WASHINGTON (Reuters) -The Federal Reserve on Wednesday cleared the way to reduce its monthly bond purchases “soon” and signaled interest rate increases may follow more quickly than expected, with nine of 18 U.S. central bank policymakers projecting borrowing costs will need to rise in 2022.
The moves, which were included in the Fed’s latest policy statement and separate economic projections, represent a hawkish tilt by a central bank that sees inflation running this year at 4.2%, more than double its target rate, and is positioning itself to act against it.
That action may proceed slowly, with interest rates seen rising to 1% in 2023, faster than projected by the Fed in its projections in June, and then to 1.8% in 2024, which would still be considered a loose monetary policy stance.
Inflation throughout that time would be allowed to run slightly above the Fed’s 2% target, consistent with its new, more tolerant approach to the pace of price increases, while unemployment is seen falling back to around the pre-pandemic level of 3.5%. Policymakers also downgraded their expectations for economic growth this year, with gross domestic product expected to grow 5.9% compared to the 7.0% projected in June.
Still, the shift shows movement among policymakers divided over whether the coronavirus pandemic’s ongoing impact on the economy or the threat of breakout inflation constitutes the bigger risk.
While no decisions have been made on the exact pace and timing of how the central bank will reduce its asset purchases, Fed Chair Jerome Powell said it seems “appropriate” that the taper could begin “soon” and be completed by the middle of 2022.
“Participants generally view that as long as the recovery remains on track, a gradual tapering process that concludes around the middle of next year is likely to be appropriate,” he said in a news conference after the end of the Fed’s latest two-day policy meeting.
Powell told reporters financial conditions would remain accommodative even after the Fed stops purchasing Treasuries and mortgage-backed securities and emphasized that the decision on the bond-buying program was separate from any actions regarding interest rates.
The Fed on Wednesday held its current target interest rate steady in a range of 0% to 0.25%.
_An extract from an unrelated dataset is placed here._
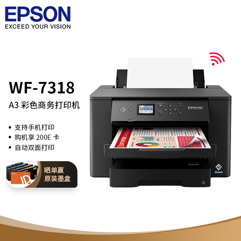 此款爱普生 WF-7318 为型号WF-7218的升级款,A3+幅面4合1多功能一体机采用紧凑设计,比前代机型体积缩小24%;适应快节奏商务办公打印需求,黑白25页/分钟,彩色12页/分钟,高效稳定输出,使其成为商务办公的可靠伙伴。搭配独立4色颜料墨水,防水耐光,速干、耐刮蹭、抗氧化。信息传递清晰,防篡改并可长久保存。标配有线/无线/无线直连,支持移动/远程打印,支持微信小程序打印*1,适用于多种办公环境,让打印随时可行。

“It’s probably a little bit more hawkish than many would have anticipated basically acknowledging that should the economy continue to grow as we have seen it would warrant a tapering to occur,” said Sam Stovall, chief investment strategist for CFRA Research in New York. “You could say it’s a tentative tapering announcement even though they did lower their 2021 GDP forecast.”
U.S. stocks extended gains after the release of the statement before retreating slightly during Powell’s news conference, with the S&P 500 index up 1.2% on the day. The dollar rose while the yield on the U.S. 10-year Treasury note edged lower.
SLOWING RECOVERY
Though acknowledging the new surge of the pandemic had slowed the recovery of some parts of the economy, overall indicators “have continued to strengthen,” the central bank’s policy-setting Federal Open Market Committee said in its unanimous policy statement.
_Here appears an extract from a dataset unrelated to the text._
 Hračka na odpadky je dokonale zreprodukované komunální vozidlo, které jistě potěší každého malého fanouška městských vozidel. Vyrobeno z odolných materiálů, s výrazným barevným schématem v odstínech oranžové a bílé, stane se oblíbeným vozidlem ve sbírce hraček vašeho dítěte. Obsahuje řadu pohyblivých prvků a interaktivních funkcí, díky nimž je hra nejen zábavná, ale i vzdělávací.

If that progress continues “broadly as expected, the Committee judges that a moderation in the pace of asset purchases may soon be warranted,” it said.
The statement had been widely expected to signal that the Fed would soon begin winding down the $120 billion in monthly bond purchases it has been making to blunt the economic impact of the pandemic.
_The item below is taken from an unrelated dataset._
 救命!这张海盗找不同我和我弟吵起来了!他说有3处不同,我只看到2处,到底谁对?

Fed officials said last December that they would continue purchasing bonds at the current pace until there was “substantial further progress” on the central bank’s goals for maximum employment and inflation.
Powell on Wednesday said officials could decide as soon as the next policy meeting in November that both of those standards have been met, based on what happens with the labor market and the broader economy, and make a decision on whether to taper.
But it was in their broader economic outlook that Fed policymakers made a less anticipated change.
The outlook for inflation jumped 0.8 percentage point for 2021 and the unemployment rate seen at the end of this year rose. In turn, two officials brought forward into 2022 their projected timeline for slightly lifting the Fed’s benchmark overnight interest rate from the current level, enough to raise the median projection to 0.3% for next year.
The move to lower GDP growth expectations for 2021 reflected concerns that the coronavirus is weighing on the economy.
“The sectors most adversely affected by the pandemic have improved in recent months, but the rise in COVID-19 cases has slowed their recovery,” the Fed said in its policy statement.